2006-11-29 17:44:22 · 2 answers · asked by Anonymous in Science & Mathematics ➔ Mathematics
We first need to find a formula that relates the distance of the man from the lamppost with the length of the shadow.
I’m sorry I can’t draw this for you.
I’m going to form a triangle from the bottom of the lamp post to the top of the lamppost to the end of the man’s shadow. The man is within the triangle with his head touching the hypotenuse. I’m going to use x to represent the distance from the man to the lamppost, and y to represent the length of the shadow.

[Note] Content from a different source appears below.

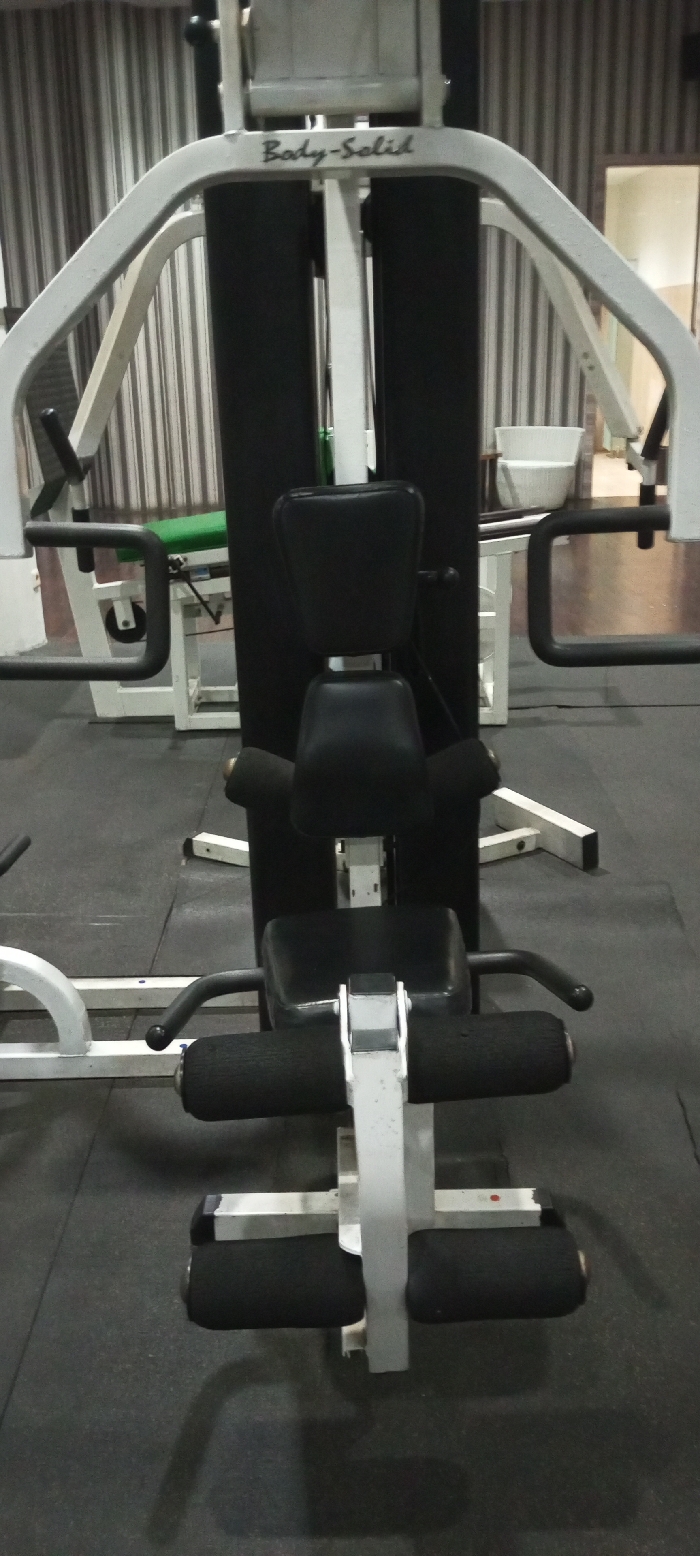 The scene depicts the interior of a gymnasium, located in the city of Aral, Kyrgyzstan. The primary subject is an unoccupied "Body-Solid" branded multi-gym machine, constructed with a white metal frame and black upholstered pads for the seat, backrest, and lower leg rollers. This machine features components for chest press/pec fly exercises and a leg extension/curl station. In the background to the left, another piece of white-framed gym equipment with a green padded bench is partially visible. To the right background, a white bucket or container is present near a doorway with a light-colored frame. The floor is covered with dark grey or black rubber matting. The background wall features vertical light-colored paneling or stripes. No individuals are present in the image, and the equipment appears to be in functional condition.

From geometry, we know that the ratio of the lamppost height to the length from the lamppost to the end of the shadow is the same as the height of the man to the length of the shadow.
19 / (x + y) = 6 / y
19y = 6x + 6y
13y = 6x
Take d/dt on both sides
13(dy/dt) = 6(dx/dt)
You know that dx/dt = 5 ft/s
13(dy / dt) = 6(5 ft/s)
dy / dt = 30/13 ft/s
So no matter what distance he is away from the lamppost, as long as he is constantly walking at 5 ft/s his shadow will always grow at 30/13 ft/s.
2006-11-29 18:04:48 · answer #1 · answered by Michael M 6 · 0⤊ 0⤋
Starting with Michael's
13y = 6x
we get
y = 6x / 13
We are asked for dy/dt.
dy/dt = (dx/dt) * (dy/dx)
= 5 * (6 / 13) = 30 / 13
2006-11-30 02:13:29 · answer #2 · answered by ? 6 · 0⤊ 0⤋